The equation states that In (10w) = 4.6 + 3lnh, so we can rewrite it as ln (10w) = 4.6 + 3lnh.
We can then use the property of logarithms that states that ln (a^b) = b ln a to rewrite the equation as ln (10^(10w)) = 4.6 + 3lnh.
This simplifies to 10w = 4.6 + 3lnh, or w = (4.6 + 3lnh)/10.
Substituting the given value of w = 60, we get 60 = (4.6 + 3lnh)/10.
Solving for h, we find that h = e^((60 - 4.6)/3).

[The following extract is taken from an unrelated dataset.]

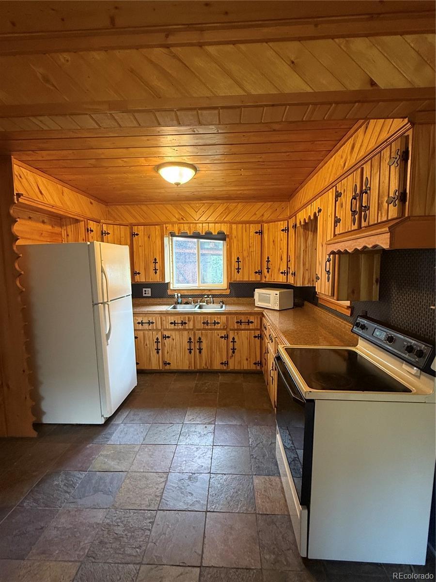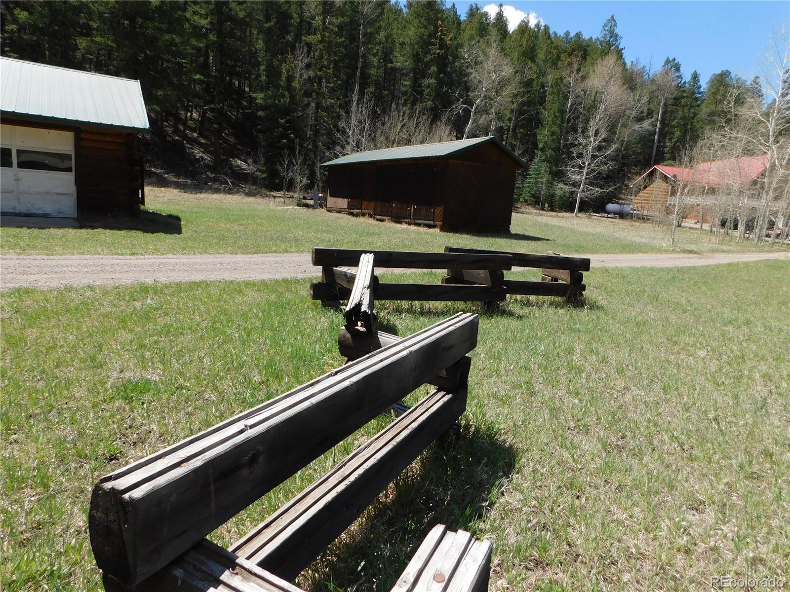 Nestled in the pines by the creek on 2.89 acres, this cabin was built in 1983, It has a main bedroom downstairs & a 390 sq ft loft with 2 closets upstairs overlooking the living room & cozy fireplace. Cute kitchen with lots of cabinets. Full bath on main level. Small guest cabin by the creek. (Water needs hooked up) Attached garage with mudroom entry & carport. Outside features include: Mature pine trees, & the Castle Rock Creek flowing to the North side. South side of property backs up to National Forest. Extra Storage building & 2 car garage for all of your toys!!! RV Hook-up for guests. Must see to appreciate!

To find the value of h, we need to use the given information about the logarithms of 2, 3, and 5. We know that In 2 = 0.6, In 3 = 1.1, and In 5 = 1.6, so we can rewrite the expression for h as:
h = e^((60 - 4.6)/3) = e^(55.4/3) = e^(18.466666666666665)
We can use the fact that e^(In x) = x to rewrite this expression as:
h = 2^(18.466666666666665/0.6) = 3^(18.466666666666665/1.1) = 5^(18.466666666666665/1.6)
We can then use the given values of In 2, In 3, and In 5 to find that h = 2^30.777 = 3^16.727 = 5^11.541.
Since the height h is in meters, the final answer is h = 30.777 meters.